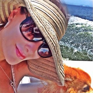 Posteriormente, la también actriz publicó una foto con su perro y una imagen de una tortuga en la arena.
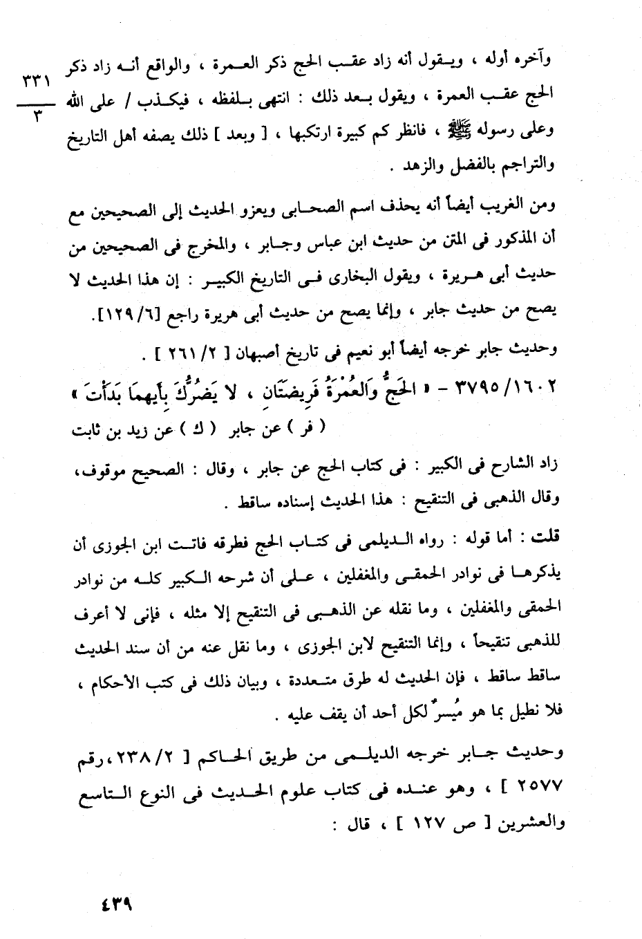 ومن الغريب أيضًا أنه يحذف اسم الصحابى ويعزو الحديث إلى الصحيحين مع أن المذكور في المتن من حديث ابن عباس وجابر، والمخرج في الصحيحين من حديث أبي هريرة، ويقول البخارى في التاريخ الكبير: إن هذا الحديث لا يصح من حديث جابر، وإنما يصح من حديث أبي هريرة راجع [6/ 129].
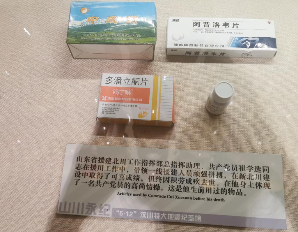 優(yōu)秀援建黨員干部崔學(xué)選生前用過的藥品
+++++
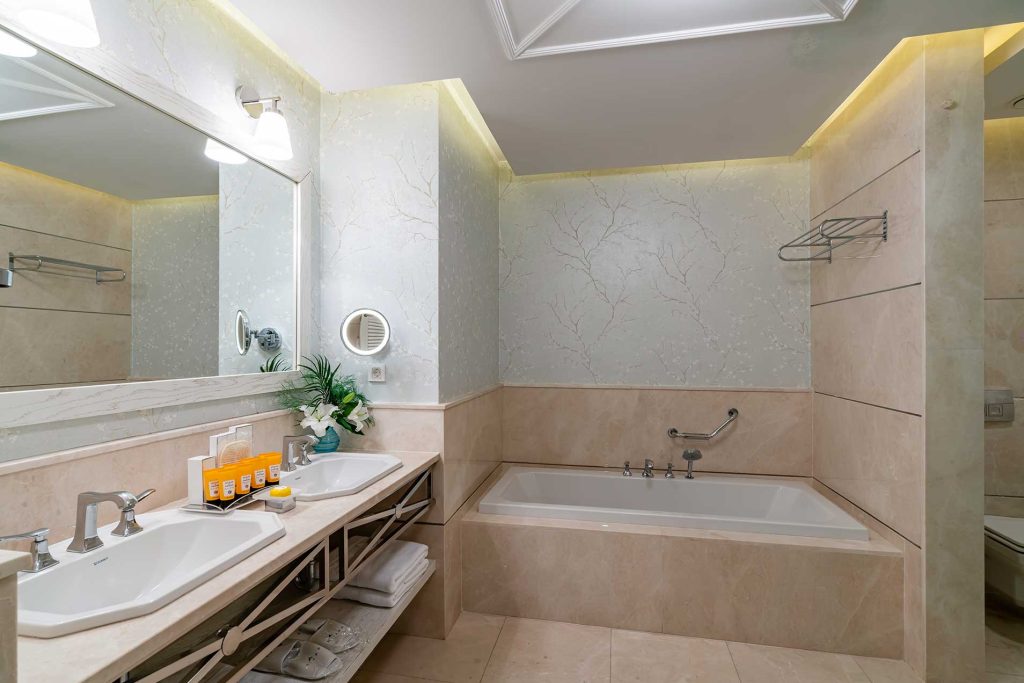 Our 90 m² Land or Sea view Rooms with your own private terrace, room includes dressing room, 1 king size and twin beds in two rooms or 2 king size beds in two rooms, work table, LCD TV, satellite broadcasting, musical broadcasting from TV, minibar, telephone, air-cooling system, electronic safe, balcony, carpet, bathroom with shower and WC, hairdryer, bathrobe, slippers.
+++++
→ **ASSIGNMENT**: Take the material above and output only the lines from the one that contains "Posteriormente, la también" through the one that contains "優(yōu)秀援建黨員干部崔學(xué)選生前用過的藥品", ends included and images left out.

→ **SOLVED EXERCISE**:
 Posteriormente, la también actriz publicó una foto con su perro y una imagen de una tortuga en la arena.
 ومن الغريب أيضًا أنه يحذف اسم الصحابى ويعزو الحديث إلى الصحيحين مع أن المذكور في المتن من حديث ابن عباس وجابر، والمخرج في الصحيحين من حديث أبي هريرة، ويقول البخارى في التاريخ الكبير: إن هذا الحديث لا يصح من حديث جابر، وإنما يصح من حديث أبي هريرة راجع [6/ 129].
 優(yōu)秀援建黨員干部崔學(xué)選生前用過的藥品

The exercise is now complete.